══ Supplied entries

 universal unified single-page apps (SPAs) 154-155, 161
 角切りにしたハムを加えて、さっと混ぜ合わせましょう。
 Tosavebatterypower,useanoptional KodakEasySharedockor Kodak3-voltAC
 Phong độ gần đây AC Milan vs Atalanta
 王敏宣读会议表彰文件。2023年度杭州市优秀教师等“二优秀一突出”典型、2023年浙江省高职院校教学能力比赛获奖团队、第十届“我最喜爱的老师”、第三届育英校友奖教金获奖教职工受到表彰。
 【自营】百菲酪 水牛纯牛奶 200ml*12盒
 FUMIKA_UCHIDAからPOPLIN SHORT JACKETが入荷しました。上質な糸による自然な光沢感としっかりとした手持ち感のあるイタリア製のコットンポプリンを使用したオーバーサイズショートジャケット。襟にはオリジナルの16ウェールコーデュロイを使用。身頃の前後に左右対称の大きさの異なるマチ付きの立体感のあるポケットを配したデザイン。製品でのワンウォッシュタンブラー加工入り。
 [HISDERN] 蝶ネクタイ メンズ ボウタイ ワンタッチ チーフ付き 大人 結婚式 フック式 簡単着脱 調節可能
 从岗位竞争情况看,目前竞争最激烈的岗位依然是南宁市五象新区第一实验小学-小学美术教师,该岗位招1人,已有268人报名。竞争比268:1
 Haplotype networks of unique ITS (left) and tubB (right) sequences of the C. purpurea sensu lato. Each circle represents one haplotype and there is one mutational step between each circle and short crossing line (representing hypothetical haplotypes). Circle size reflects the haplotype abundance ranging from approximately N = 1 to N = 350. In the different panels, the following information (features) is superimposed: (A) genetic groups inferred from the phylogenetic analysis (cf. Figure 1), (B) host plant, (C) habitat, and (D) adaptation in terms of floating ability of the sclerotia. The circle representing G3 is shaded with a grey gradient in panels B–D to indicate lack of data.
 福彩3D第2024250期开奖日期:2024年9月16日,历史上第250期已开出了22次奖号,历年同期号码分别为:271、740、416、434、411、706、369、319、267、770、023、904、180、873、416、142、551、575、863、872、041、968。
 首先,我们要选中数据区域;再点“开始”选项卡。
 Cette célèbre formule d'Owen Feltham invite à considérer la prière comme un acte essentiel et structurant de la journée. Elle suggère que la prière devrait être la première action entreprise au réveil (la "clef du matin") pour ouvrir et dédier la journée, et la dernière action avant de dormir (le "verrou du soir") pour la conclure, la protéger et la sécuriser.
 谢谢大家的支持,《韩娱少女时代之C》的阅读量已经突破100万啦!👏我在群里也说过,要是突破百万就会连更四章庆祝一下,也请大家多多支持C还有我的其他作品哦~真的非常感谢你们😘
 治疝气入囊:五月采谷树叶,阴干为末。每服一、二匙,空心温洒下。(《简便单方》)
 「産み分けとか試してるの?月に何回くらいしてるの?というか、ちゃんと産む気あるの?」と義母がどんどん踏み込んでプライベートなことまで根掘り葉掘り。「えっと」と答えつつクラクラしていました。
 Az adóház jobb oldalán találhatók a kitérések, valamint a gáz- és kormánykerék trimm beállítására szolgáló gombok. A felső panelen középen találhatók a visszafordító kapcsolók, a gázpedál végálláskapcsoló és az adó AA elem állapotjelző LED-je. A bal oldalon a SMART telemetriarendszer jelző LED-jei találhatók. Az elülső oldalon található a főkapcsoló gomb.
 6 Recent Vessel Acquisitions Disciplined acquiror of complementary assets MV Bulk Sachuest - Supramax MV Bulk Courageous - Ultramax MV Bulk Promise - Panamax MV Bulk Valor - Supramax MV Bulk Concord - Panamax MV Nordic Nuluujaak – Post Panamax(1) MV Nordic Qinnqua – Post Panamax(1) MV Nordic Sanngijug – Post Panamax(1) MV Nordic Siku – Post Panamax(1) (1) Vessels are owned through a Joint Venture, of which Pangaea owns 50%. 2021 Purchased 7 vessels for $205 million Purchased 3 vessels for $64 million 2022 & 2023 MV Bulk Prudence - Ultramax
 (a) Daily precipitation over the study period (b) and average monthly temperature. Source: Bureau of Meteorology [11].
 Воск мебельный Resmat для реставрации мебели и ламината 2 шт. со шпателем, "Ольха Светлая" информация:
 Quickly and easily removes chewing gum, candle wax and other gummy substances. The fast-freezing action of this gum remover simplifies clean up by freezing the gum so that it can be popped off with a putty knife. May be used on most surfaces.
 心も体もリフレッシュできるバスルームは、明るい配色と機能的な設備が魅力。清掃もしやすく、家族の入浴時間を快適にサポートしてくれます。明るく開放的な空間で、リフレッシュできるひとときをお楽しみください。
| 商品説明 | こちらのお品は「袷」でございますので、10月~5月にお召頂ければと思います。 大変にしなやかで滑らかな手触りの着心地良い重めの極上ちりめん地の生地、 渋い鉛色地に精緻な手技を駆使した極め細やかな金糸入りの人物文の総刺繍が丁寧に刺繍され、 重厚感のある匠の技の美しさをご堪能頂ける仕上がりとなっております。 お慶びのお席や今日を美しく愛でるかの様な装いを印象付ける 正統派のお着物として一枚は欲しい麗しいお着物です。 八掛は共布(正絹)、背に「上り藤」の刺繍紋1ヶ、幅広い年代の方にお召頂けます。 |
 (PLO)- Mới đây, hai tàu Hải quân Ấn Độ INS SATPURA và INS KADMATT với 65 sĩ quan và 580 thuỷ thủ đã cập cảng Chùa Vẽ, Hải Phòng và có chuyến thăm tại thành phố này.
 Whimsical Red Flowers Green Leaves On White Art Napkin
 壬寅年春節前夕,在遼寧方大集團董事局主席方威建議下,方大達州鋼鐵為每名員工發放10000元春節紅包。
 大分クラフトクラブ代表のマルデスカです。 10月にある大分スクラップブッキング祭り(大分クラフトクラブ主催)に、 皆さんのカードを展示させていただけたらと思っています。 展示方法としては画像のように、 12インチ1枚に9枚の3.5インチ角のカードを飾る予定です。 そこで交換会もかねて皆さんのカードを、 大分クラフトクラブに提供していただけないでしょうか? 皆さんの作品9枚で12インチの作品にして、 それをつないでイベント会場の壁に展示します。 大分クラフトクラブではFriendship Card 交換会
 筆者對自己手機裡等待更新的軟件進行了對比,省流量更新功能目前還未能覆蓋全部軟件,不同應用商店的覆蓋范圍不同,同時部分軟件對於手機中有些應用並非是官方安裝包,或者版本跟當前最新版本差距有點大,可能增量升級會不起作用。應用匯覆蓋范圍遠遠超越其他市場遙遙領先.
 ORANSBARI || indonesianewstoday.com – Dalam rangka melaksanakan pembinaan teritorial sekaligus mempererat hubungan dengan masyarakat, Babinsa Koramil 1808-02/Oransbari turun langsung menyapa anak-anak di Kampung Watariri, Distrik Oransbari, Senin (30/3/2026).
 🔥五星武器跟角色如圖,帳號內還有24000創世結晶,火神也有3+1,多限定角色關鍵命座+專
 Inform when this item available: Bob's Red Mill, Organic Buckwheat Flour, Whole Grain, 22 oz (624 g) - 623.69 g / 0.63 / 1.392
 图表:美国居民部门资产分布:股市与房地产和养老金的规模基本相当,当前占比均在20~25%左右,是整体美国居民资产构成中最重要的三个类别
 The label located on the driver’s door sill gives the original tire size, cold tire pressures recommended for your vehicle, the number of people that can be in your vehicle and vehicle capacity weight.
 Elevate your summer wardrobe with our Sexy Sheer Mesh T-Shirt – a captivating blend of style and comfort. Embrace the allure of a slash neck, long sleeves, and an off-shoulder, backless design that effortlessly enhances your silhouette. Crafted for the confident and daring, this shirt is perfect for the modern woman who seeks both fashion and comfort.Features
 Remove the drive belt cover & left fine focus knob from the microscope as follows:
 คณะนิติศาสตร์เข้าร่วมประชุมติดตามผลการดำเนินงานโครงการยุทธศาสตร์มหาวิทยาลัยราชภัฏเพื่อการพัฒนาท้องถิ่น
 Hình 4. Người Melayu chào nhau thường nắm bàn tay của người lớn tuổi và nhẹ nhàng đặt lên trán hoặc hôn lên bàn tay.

════

**Directions for this task**
In the data above, find the line that contains "壬寅年春節前夕,在遼寧方大集" and the line that contains "图表:美国居民部门资产分布:股市与房地产". Repeat exactly those lines and every line between them, and only those.

**Response**
 壬寅年春節前夕,在遼寧方大集團董事局主席方威建議下,方大達州鋼鐵為每名員工發放10000元春節紅包。
 大分クラフトクラブ代表のマルデスカです。 10月にある大分スクラップブッキング祭り(大分クラフトクラブ主催)に、 皆さんのカードを展示させていただけたらと思っています。 展示方法としては画像のように、 12インチ1枚に9枚の3.5インチ角のカードを飾る予定です。 そこで交換会もかねて皆さんのカードを、 大分クラフトクラブに提供していただけないでしょうか? 皆さんの作品9枚で12インチの作品にして、 それをつないでイベント会場の壁に展示します。 大分クラフトクラブではFriendship Card 交換会
 筆者對自己手機裡等待更新的軟件進行了對比,省流量更新功能目前還未能覆蓋全部軟件,不同應用商店的覆蓋范圍不同,同時部分軟件對於手機中有些應用並非是官方安裝包,或者版本跟當前最新版本差距有點大,可能增量升級會不起作用。應用匯覆蓋范圍遠遠超越其他市場遙遙領先.
 ORANSBARI || indonesianewstoday.com – Dalam rangka melaksanakan pembinaan teritorial sekaligus mempererat hubungan dengan masyarakat, Babinsa Koramil 1808-02/Oransbari turun langsung menyapa anak-anak di Kampung Watariri, Distrik Oransbari, Senin (30/3/2026).
 🔥五星武器跟角色如圖,帳號內還有24000創世結晶,火神也有3+1,多限定角色關鍵命座+專
 Inform when this item available: Bob's Red Mill, Organic Buckwheat Flour, Whole Grain, 22 oz (624 g) - 623.69 g / 0.63 / 1.392
 图表:美国居民部门资产分布:股市与房地产和养老金的规模基本相当,当前占比均在20~25%左右,是整体美国居民资产构成中最重要的三个类别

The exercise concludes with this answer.